Is the quotient functor of points of a Lie group with the subfunctor of a closed subgroup a sheaf? Let G be a Lie group and $H\subseteq G$ be a closed subgroup. It can be shown that $H$ has a unique differentiable structure such that the inclusion map $H\to G$ is an embedding of manifolds. 
The functor of points $h_G=\text{Hom}(-,G)$, $h_H=\text{Hom}(-,H)$ of the Lie groups G and H define group objects in the category of manifolds. The inclusion map $H\to G$ gives a natural transformation $h_H\to h_G$  which clearly makes $h_H$ into a subfunctor of $h_G$. Therefore we may take the quotient functor Q which takes each manifold M to the quotient $Q(M):=\text{Hom}(M,G)/\text{Hom}(M,H)$. 
Is this functor $Q$ a sheaf on the Grothendieck pretopology where the coverings of an arbitary manifold M are given by the sets of arrows {$\iota_i:U_i \to M $ } such that each $\iota_i$ is a diffeomorphism of $U_i$ onto an open subset of M and $\bigcup \iota_i(U_i)=M$?
(An analogous question is often posed in the context of algebraic groups, however, I am interested in this differentiable setting.) 
 A: No; in fact any sheaf $F$ in this topology is a sheaf on the open subsets of $M$ in the standard (continuous) topology as open subsets of $M$ map diffeomorphically into $M$, and conversely any manifold mapping diffeomorphically into $M$ is isomorphic to an open subset of $M$ (its image).  So if this were true the functor of global sections for sheaves on manifolds would be exact; but we know that this is not the case.
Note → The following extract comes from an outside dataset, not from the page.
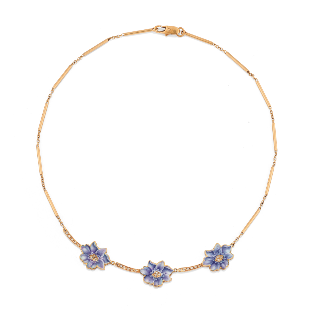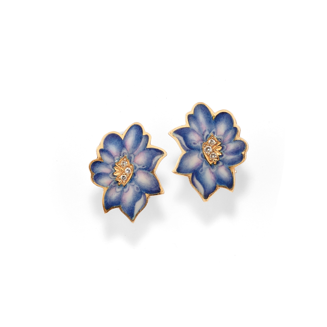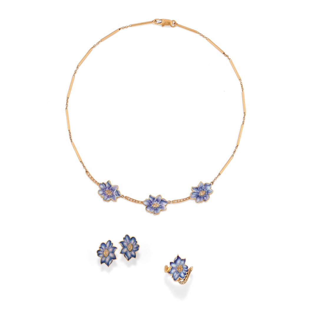 PARURE IN SMALTI AZZURRI E DIAMANTI

Added, (2/20/2011):  I figured I would, as per BCnrd's comment, add an example where the quotient fails to be a sheaf, using connected Lie Groups.  The construction is surprisingly elementary, and if I didn't make some silly mistake, I think quite nice!
Let $\rho: SO(3)\hookrightarrow U(n)$ be a faithful unitary representation of $SO(3)$; let $M=U(n)/SO(3)$.  I first claim that the quotient map $U(n)\to M$ is a non-trivial principal $SO(3)$-bundle.  Indeed $\pi_1(U(n))=\mathbb{Z}$, whereas $\pi_1(SO(3))=\mathbb{Z}/2\mathbb{Z}$, and thus $U(n)$ does not split topologically as a product of $M\times SO(3)$, as $\mathbb{Z}/2\mathbb{Z}$ is not a factor of $\mathbb{Z}$.  So $U(n)\to M$ represents a non-trivial class in $H^1(M, SO(3))$, (which is a pointed set, corresponding to isomorphism classes of principal $SO(3)$-bundles over $M$, via the Cech construction).
But note that this class is the image of the canonical element $i$ of $$H^0(M, U(n)/SO(3))=\operatorname{Hom}(M, U(n)/SO(3))=\operatorname{Hom}(U(n)/SO(3), U(n)/SO(3))$$ (namely, the identity map), through the boundary map $H^0(M, U(n)/SO(3))\to H^1(M, SO(3))$.   Thus $i$ maps to a non-trivial class, and so must not be in the image of the map $H^0(M, U(n))\to H^0(M, U(n)/SO(3))$.  
Thus this last map is not surjective, and so the sheaf of $U(n)/SO(3)$ valued functions on $M$ is not the presheaf $\operatorname{Hom}(-, U(n))/\operatorname{Hom}(-, SO(3))$.